The selection of the movement candidate cells is based on the ease of selection calculated in step S5, and the probability that the most easily selected cell (the cell located on the outermost contour line) is selected is normalized to 1. Then, a moving candidate cell is randomly selected, a random number in the [0, 1] section is generated, and if the random number is smaller than the ease of selection of the cell, the cell is moved, and if it is large, the cell is randomly reselected. By repeating such processing, the movement candidate cell is selected (step S6). The cells are randomly selected in order to eliminate bias in the selected cells.

After that, the moving position is calculated by moving a small distance toward the center of the net connecting the selected cells (step S7). The end condition is until the slack value of each path becomes sufficiently large, and steps S3 to S8 are repeated until this condition is satisfied.

[0042]

As described above, according to the logic cell placement method of the present invention, the wiring length of each net is predicted by using the maximum rectangle method, so that the signal propagation time of the path can be predicted accurately. You can This makes it possible to arrange logic cells that meet the timing specifications. Further, by probabilistically selecting a movement candidate cell and then determining the movement position, it becomes easy to use it in combination with an improvement process for a purpose other than the timing specification.
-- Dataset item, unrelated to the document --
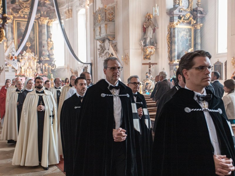Nach dem Pontifikalamt mit Hochmeister Frank Bayard OT, welches musikalisch durch den Weyeraner Kirchenchor gestaltet wurde, kamen Ordensbrüder der Provinzen Deutschland, Tschechien und Südtirol, Familiare, Freunde und Angehörige der beiden Neuprofessen im Klosterhof zusammen.

[Brief description of drawings]

FIG. 1 is a flowchart for explaining a processing procedure of an embodiment of the present invention.

FIG. 2 is a schematic diagram for explaining an influence on a signal propagation time of a path when a cell slightly moves.

FIG. 3 is a schematic diagram for explaining the center of a net.

FIG. 4 is a schematic diagram showing a maximum rectangle of a net and cells connected to the net.

FIG. 5 is a contour line graph showing the ease of selecting cells by contour lines.

FIG. 6 is a configuration diagram of a typical LSI.

FIG. 7 is a flowchart showing an LSI design process.

FIG. 8 is a circuit diagram showing paths between flip-flops.

FIG. 9 is a circuit diagram for explaining a signal propagation time in the case of a general logic gate.

FIG. 10 is a circuit diagram for explaining the signal propagation time of the entire path.

FIG. 11 is a simplified diagram for explaining a method for estimating a wiring length of a net.

Claims (1)

Claim: What is claimed is: 1. When designing a layout of a semiconductor integrated circuit, the wiring length of a net that connects between logic cells or between cell groups consisting of a plurality of logic cells is defined as the logic that constitutes this net. Predict based on the maximum rectangle obtained from the cell placement position, predict the signal transmission time of this net from the predicted wiring length of the net, and from the predicted signal transmission time of the net, a path route consisting of a chain of multiple nets Signal transmission time of each logic cell or cell group, and assuming that the arrangement position of each logic cell or cell group has moved slightly, the changed signal transmission time of the net formed by this logic cell or cell group is calculated. Alternatively, assuming that the placement position of the cell group has moved slightly, the path path formed by this logical cell or cell group The changed signal transmission time of is determined, and from the obtained changed signal transmission time of the net and the changed signal transmission time of the path route, the logical cell whose placement position is to be moved in order to shorten the signal transmission time of the path route or The feature is that the ease of selecting a cell group is calculated, a logical cell or cell group is stochastically selected using the calculated ease of selection, and the placement position of the selected logical cell or cell group is finely moved. Logic cell placement method.